THE DATA Block Start

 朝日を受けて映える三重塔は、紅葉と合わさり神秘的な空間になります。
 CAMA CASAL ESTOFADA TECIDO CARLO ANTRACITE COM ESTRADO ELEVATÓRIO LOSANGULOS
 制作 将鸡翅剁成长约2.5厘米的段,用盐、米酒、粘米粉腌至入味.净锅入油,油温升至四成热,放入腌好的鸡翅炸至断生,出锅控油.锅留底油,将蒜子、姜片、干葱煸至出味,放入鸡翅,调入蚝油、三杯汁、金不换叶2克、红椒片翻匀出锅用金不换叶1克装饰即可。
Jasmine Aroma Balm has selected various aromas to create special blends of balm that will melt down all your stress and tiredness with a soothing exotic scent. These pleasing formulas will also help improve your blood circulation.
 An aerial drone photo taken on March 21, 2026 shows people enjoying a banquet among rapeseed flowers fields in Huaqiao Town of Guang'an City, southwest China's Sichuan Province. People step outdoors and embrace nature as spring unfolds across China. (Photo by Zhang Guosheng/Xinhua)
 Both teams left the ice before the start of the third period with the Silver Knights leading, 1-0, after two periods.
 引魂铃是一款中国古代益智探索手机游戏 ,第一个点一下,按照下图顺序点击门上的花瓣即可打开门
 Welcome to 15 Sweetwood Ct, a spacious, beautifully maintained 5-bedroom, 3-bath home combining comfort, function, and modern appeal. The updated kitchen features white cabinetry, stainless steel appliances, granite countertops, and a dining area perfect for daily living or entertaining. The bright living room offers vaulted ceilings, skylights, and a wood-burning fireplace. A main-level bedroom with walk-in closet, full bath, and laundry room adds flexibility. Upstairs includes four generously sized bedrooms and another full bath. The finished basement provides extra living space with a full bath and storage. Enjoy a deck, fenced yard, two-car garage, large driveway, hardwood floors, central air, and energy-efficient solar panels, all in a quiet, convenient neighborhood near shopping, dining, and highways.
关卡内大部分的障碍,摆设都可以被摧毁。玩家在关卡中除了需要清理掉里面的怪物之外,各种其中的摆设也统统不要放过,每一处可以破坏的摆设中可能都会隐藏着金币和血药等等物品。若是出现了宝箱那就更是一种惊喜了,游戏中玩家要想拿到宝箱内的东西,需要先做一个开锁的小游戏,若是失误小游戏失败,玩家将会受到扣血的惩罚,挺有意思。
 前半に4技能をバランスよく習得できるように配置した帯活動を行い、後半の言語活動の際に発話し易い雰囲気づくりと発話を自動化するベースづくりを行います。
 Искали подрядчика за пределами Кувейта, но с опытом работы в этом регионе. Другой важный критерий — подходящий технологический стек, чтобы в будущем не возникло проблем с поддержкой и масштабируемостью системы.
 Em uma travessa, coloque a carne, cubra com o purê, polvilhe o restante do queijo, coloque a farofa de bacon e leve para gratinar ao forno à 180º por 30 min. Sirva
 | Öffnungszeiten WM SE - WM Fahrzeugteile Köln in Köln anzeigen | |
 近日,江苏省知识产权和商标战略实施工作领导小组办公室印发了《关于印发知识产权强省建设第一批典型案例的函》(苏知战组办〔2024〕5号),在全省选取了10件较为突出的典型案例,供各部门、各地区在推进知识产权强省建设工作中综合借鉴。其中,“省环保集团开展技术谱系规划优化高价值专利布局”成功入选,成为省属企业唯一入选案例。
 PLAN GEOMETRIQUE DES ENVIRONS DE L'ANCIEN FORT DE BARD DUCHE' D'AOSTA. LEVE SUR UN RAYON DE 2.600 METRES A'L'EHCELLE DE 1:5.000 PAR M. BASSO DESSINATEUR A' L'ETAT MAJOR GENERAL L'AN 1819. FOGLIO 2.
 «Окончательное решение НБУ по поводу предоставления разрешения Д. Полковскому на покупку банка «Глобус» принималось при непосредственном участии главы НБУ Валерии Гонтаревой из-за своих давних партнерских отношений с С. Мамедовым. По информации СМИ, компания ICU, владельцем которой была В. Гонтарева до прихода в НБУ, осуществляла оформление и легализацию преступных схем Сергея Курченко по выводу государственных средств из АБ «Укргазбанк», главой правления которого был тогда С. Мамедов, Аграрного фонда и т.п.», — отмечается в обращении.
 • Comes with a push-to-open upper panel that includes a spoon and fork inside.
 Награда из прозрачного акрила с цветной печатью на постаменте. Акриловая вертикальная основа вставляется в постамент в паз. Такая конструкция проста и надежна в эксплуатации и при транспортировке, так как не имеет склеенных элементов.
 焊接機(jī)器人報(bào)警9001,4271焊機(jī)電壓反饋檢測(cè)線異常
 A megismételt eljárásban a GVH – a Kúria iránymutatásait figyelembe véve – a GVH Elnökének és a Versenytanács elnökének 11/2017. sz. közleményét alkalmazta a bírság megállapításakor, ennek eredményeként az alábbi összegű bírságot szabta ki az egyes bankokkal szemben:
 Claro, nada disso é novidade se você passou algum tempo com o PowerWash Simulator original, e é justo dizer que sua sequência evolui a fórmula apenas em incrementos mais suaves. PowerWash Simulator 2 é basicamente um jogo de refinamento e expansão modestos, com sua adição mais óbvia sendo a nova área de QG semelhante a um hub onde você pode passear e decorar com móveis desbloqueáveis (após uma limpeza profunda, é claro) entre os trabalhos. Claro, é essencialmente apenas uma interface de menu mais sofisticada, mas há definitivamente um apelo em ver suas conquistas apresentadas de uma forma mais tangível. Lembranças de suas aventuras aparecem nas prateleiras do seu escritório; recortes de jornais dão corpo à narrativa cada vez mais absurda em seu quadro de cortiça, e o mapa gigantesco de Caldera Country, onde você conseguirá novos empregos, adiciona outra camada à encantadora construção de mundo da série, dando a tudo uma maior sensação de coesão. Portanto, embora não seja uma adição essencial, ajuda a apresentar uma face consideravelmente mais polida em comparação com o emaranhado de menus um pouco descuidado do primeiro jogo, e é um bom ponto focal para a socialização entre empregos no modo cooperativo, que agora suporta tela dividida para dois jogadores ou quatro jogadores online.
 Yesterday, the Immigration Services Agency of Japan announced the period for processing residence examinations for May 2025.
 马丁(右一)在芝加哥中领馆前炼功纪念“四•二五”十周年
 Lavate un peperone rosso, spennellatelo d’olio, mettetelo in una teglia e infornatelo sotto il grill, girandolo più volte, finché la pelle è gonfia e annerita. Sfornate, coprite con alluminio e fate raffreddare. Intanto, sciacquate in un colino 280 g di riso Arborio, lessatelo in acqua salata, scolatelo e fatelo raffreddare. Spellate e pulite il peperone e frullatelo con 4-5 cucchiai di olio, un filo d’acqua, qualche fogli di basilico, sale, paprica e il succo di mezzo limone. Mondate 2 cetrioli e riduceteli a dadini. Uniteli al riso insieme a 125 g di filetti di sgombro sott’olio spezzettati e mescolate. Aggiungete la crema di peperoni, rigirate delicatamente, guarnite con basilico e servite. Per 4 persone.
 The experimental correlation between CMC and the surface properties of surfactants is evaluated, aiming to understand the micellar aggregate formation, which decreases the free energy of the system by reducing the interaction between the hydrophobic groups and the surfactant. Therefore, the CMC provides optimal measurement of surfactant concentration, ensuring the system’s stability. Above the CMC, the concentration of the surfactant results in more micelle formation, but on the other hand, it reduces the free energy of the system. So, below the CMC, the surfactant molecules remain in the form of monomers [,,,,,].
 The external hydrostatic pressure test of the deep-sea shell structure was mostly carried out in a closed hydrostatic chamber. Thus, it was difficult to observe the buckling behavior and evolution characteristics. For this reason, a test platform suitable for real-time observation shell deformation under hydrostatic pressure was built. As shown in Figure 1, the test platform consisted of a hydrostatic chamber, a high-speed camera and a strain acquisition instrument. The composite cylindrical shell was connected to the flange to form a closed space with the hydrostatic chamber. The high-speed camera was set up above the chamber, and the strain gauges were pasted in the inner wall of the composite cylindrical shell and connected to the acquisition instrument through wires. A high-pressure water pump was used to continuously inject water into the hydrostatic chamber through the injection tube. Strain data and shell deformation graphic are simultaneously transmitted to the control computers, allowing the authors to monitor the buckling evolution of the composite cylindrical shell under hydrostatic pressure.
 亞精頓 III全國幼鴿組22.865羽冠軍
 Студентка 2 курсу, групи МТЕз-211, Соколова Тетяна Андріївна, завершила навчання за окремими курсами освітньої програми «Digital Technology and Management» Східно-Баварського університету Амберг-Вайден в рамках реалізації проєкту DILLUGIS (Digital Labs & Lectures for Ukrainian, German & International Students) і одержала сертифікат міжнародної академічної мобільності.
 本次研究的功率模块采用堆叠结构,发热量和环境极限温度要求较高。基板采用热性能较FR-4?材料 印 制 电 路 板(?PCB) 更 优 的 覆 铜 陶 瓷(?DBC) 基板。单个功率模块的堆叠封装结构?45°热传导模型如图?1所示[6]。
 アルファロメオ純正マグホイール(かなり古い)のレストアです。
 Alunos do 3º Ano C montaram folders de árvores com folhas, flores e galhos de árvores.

THE DATA Block End

§ **TASK GOAL**: Show a copy of each line from the data that includes the word "period".

§ **EXERCISE ANSWER**:
 Both teams left the ice before the start of the third period with the Silver Knights leading, 1-0, after two periods.
 Yesterday, the Immigration Services Agency of Japan announced the period for processing residence examinations for May 2025.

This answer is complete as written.